I remember Xs4all, sorry to hear they went under.

I also miss the brief moment when we had line sharing on copper telco networks in the United States. Most people were perfectly happy with the standard offerings from their local telco, but those of us who wanted more could connect with an ISP who offered service via a dry pair DSL connection. I loved my time on Speakeasy, for example.

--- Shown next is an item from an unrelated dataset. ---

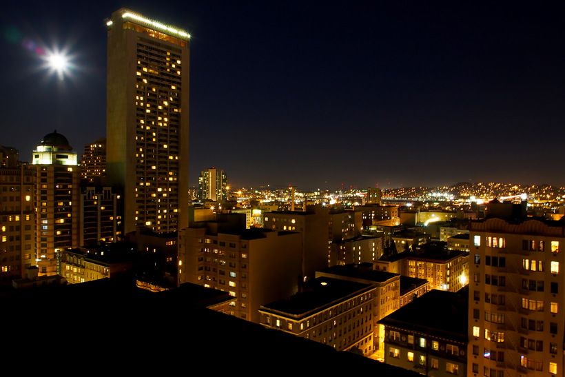 The night of San Francisco with moonburst.

I remember all of the flaws with the line sharing system, too, but it actually worked for the short time we had it, in spite of the problems. Asking a niche ISP to build its own facilities-based network is an exercise in futility for many deployments. Of course, cities or counties or public utility districts could do it but the incumbent providers don't like that.

1 comments

We had a similar type of “tech” ISP in the USA with a lot of similar features called Speakeasy back in the early 2000s. You could get static ips easily, delegated control of your reverse dns upon request, they encouraged connection sharing by offering an additional email account and IP address for $6/mo and even had guides how to setup different SNAT and masquerading scenarios on Linux.

They were so cool compared to the options from AT&T and Roadrunner. It was like an ISP run by enthusiasts, for enthusiasts. They ended up getting bought by Mindspring IIRC.

Yep, I think we're talking about the same Speakeasy ("I loved my time on Speakeasy, for example."). I remember they used to assign IPs almost at random; you wouldn't get a larger subnet, you'd just get more IPs sent down your connection and it was up to you to have the routing equipment to handle them.

This was also the rise of the OpenWRT software on the WRT54G (and GS!) because no consumer-level hardware coult do it. So many Linksys devices bricked from failing tftp sessions, but it worked so well if you could incant it onto the device.